Three Black Crows is a Japanese candlestick pattern indicating a bearish reversal. It occurs during an unfolding uptrend, forming a staircase of long black days. Each day opens slightly higher than the previous day’s close, but then the price reverses into a downtrend and starts to decline. This moment can be considered a trend reversal trading signal. Be careful as prices falling too sharply may prompt bulls to buy the asset at the bottom.
How to recognize this pattern?
1. It is formed by three consecutive long black candlesticks.
2. Each day closes at a new low.
3. Each consecutive candle in this pattern opens within the body of the previous candle.
4. Each day closes at or near its low.
Possible scenarios and pattern psychology
The market has either reached its top or has been at a high price level for some time. The price starts moving downward sharply when a long black day occurs on the chart.
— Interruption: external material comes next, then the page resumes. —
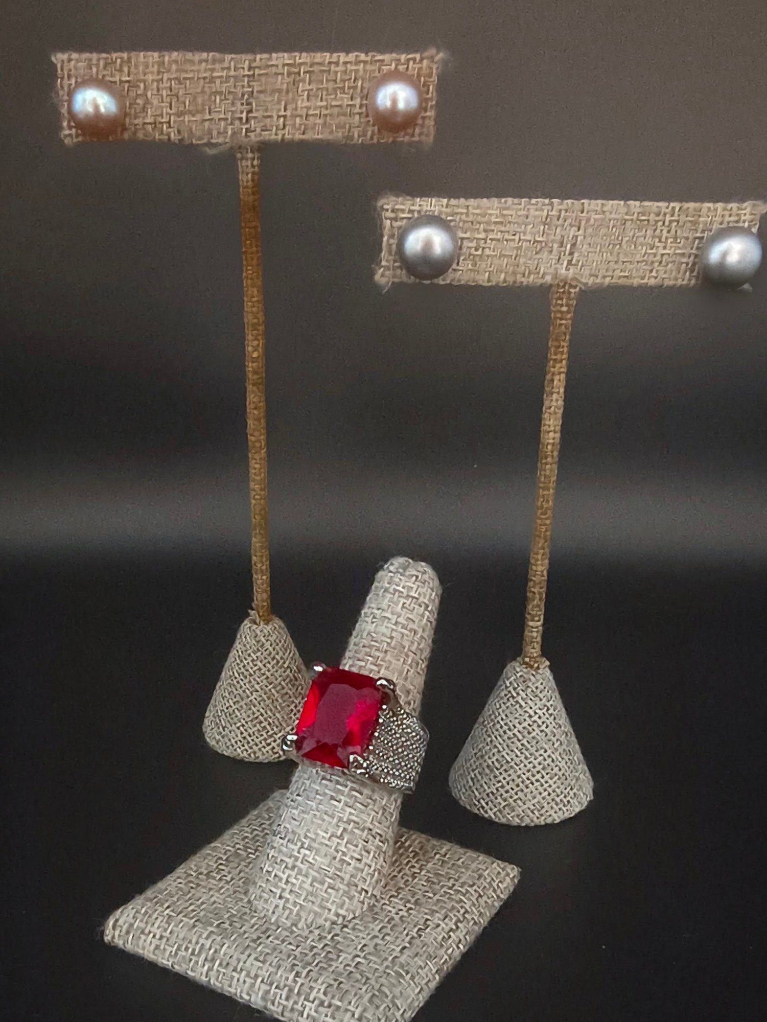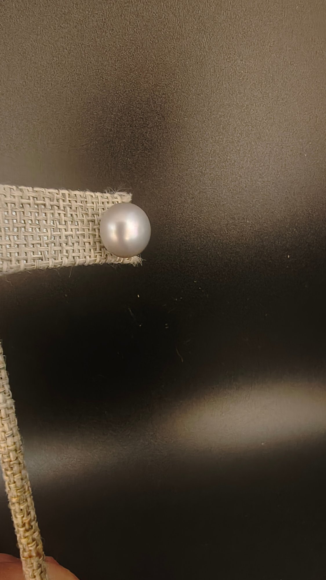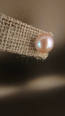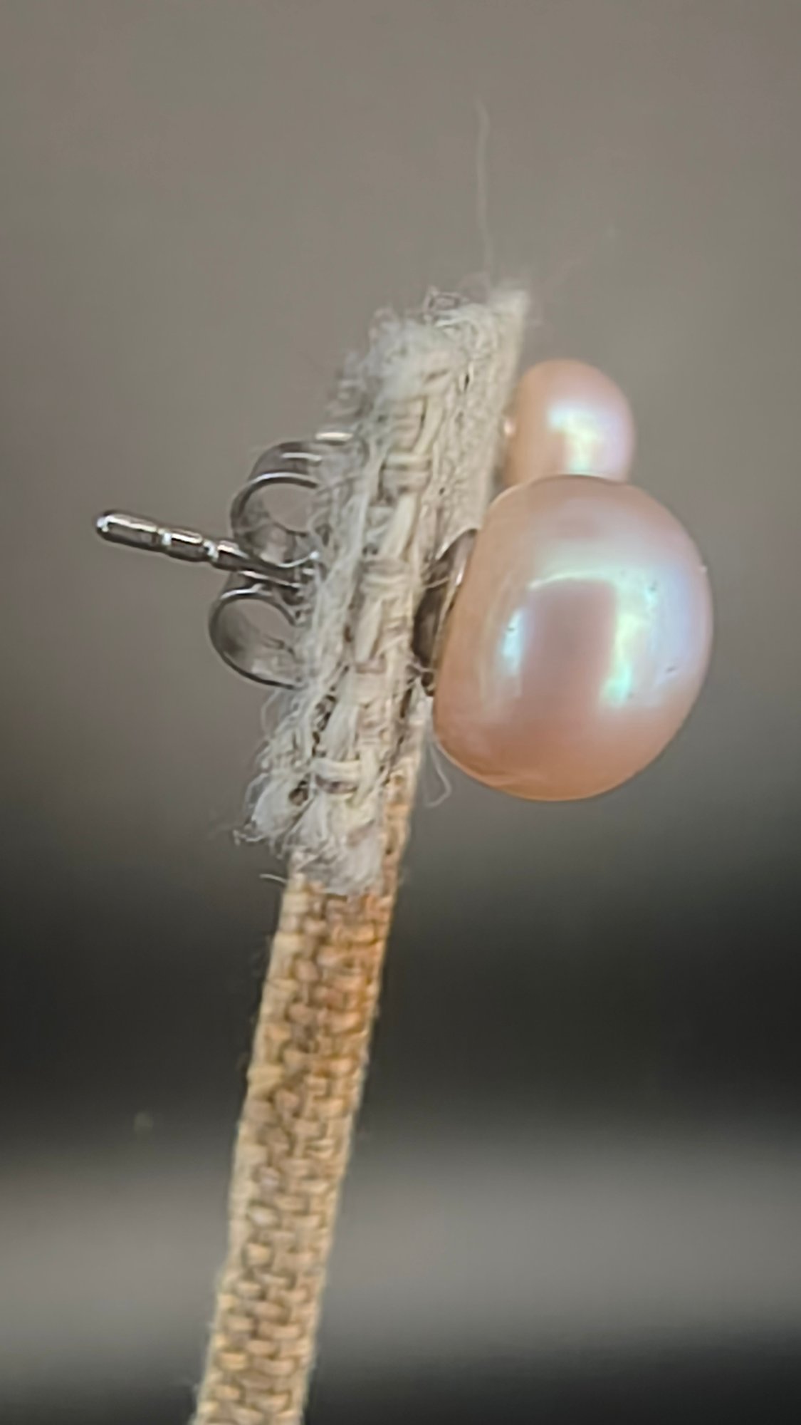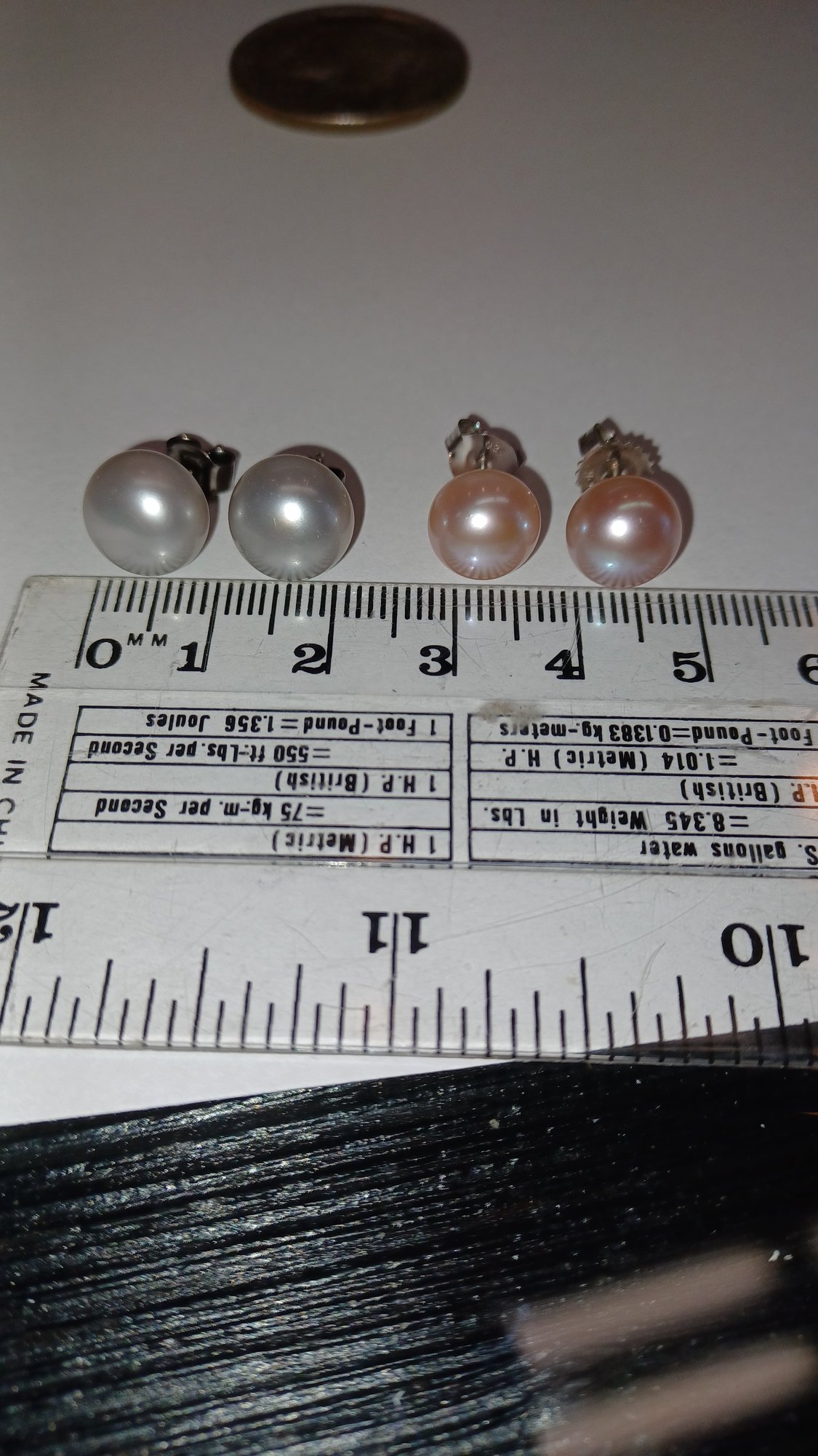 Pearls measure ~8-10mm; pink then gray

During the next two days, you will see a further decline in prices caused by massive selling and profit booking. This type of price dynamic does not favor the bulls.
Pattern flexibility
It would be best to see the body of the first candlestick in this pattern under the previous white day’s high. This scenario would add to the bearish nature of the pattern.
The Three Black Crows pattern transforms into a long black candlestick, fully in line with the model’s bearishness.
A more rigid related model is the Identical Three Crows pattern.